The United States Supreme Court’s Decision on Non-exempt Employee’s Work Day

Dorsey & Whitney LLP

This past Tuesday, the United States Supreme Court issued a decision in Integrity Staffing Solutions, Inc. v. Busk, No. 13-433, that clarifies when a non-exempt employee begins and ends the work day – and, therefore, when an employer’s obligation to pay the employee begins and ends.

Jessie Busk and Laurie Castro worked as warehouse employees for Integrity Staffing Solutions (“Integrity Staffing”), a company which provides warehouse staffing to Warehouse employees like Busk and Castro retrieve products from shelves and package those products for delivery to customers. Integrity Staffing, in an effort to prevent employee theft, required its warehouse employees to undergo a security screening before leaving the warehouse each day. At issue was whether employees’ time spent waiting and going through security screenings at the end of a work shift was compensable work time under the FLSA. The FLSA provides that employers generally are not required to pay employees for “activities which are preliminary to or postliminary to” the employees’ principal activities. In turn, “principal activities” encompass all activities which are an “integral and indispensable part of the principal activities.” In Busk, the Court clarified these definitions, holding that an activity is integral and indispensable to an employee’s principal activities – such that time spent on such activities is compensable – if that activity is (1) an “intrinsic element” of the employee’s principal duties, and (2) an “activity with which the employee cannot dispense if he is to perform his principal activities.” In light of this analysis, the Court concluded that the fact that security screenings were required by the employer was not dispositive, as had been argued by the plaintiff. Rather, time spent going through security screenings was not compensable because the employees were hired to retrieve and package products for shipment and that this could be accomplished regardless of whether security screenings were performed.
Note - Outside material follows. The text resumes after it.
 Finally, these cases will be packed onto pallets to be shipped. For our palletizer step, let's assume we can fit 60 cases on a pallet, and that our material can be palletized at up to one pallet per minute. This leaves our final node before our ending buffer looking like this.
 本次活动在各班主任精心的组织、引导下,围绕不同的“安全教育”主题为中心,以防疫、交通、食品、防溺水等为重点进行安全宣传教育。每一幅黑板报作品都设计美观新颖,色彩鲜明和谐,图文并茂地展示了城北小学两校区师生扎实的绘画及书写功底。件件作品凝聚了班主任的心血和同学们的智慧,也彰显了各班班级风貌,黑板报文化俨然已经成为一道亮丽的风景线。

This is a very positive outcome for employers. However, employers still must be careful in making decisions about the scope of compensable time following Busk. In determining what constitutes a particular employee’s principal activity or activities, employers should carefully consider why the employee was hired, and what task or role the employee was hired to perform. Further, and regardless of the employer’s initial intent, were those expectations clearly communicated and are those expectations consistent with the employee’s actual duties – or would there be an evidentiary dispute over the employee’s principal activities. After determining an employee’s principal activities, the employer must carefully consider whether the particular preliminary or postliminary activity at issue is an intrinsic or inherent part of those duties. That is, could that activity be eliminated altogether from that employee’s expectations without limiting the employee’s ability to successfully complete his or her work? If so, a strong argument is now available to employers that time spent on such activities is not compensable.
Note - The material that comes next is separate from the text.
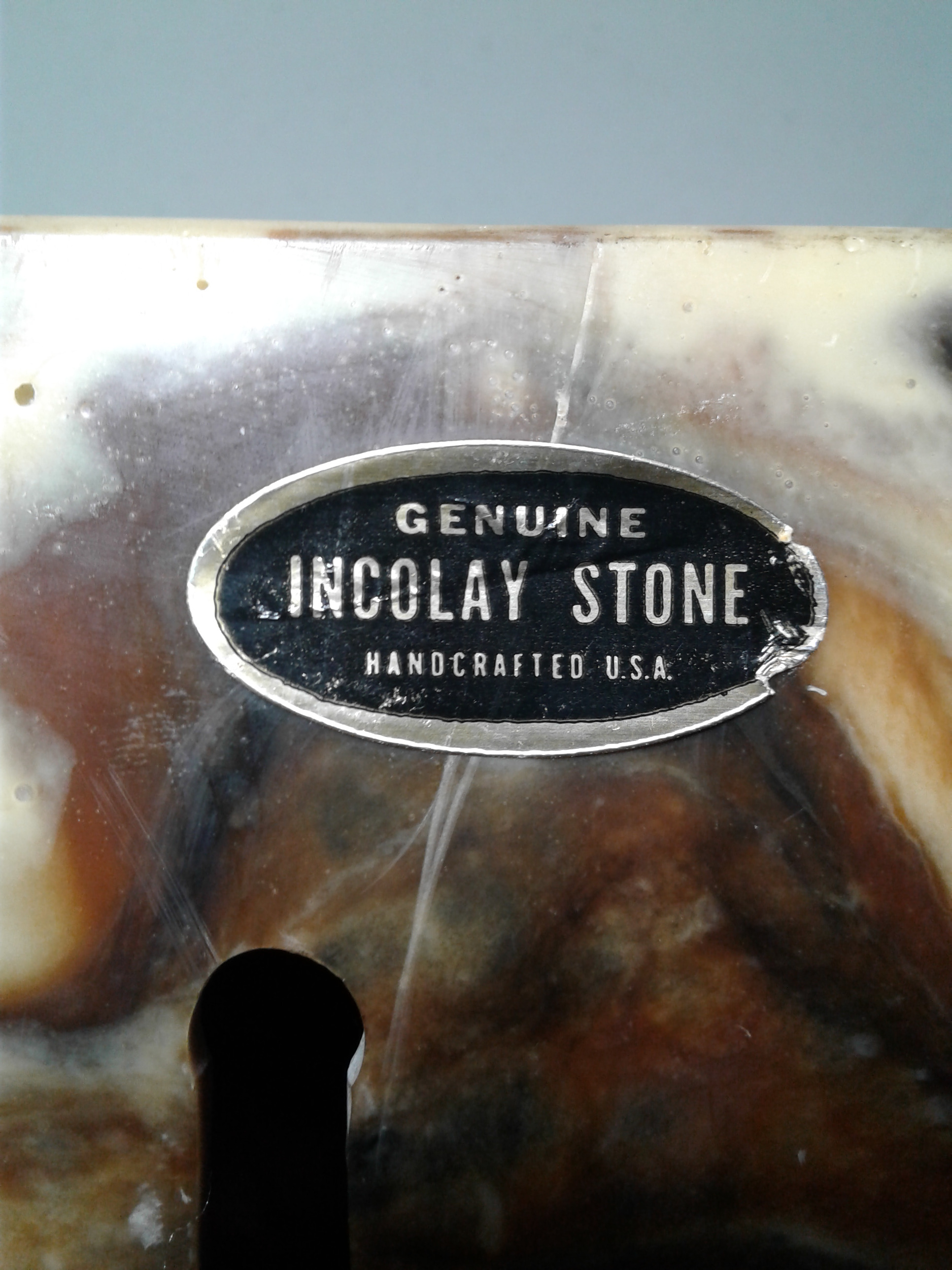 Incolay Stone Handcrafted Box. Made by Incolay Stone. Dating to c. 1974. Materials: Incolay stone. Estimated value: $150 – $250. Condition: Excellent. The market for Incolay Stone items is currently stable, with moderate demand among collectors of decorative arts.

Employers should be cautious not to overreach following Busk. For example, the Court’s “intrinsic element” test certainly will be further explored in the lower courts, and generally can be expected to involve very fact-specific inquiries. Plaintiffs’ counsel, of course, will argue for a broad scope of “intrinsic” – that is, compensable – elements. Employers also should recall that the Busk decision does not change existing law requiring employers to pay for all time within an employee’s “continuous workday.” That is, if an employee has already started work by performing his or her principal activities, an employer cannot carve out activities that are not “intrinsic elements” from that employee’s work day and refuse to pay for that time.

In addition, it is critical to note that the Supreme Court’s ruling applies to compensation under the federal FLSA only. Therefore, if an employer is covered by state wage and hour laws which are more restrictive than those in the FLSA, employers are nonetheless required to abide by those more restrictive laws. For example, California law states that employees are entitled to pay when they are subject to the control of the employer. See Morillion v. Royal Packing Co., 995 P.2d 139 (Cal. 2000). Thus, if an employer is subject to California’s wage and hour laws, it may nonetheless be required to pay employees for the types of preliminary and postliminary activities that the Supreme Court states are noncompensable under the FLSA.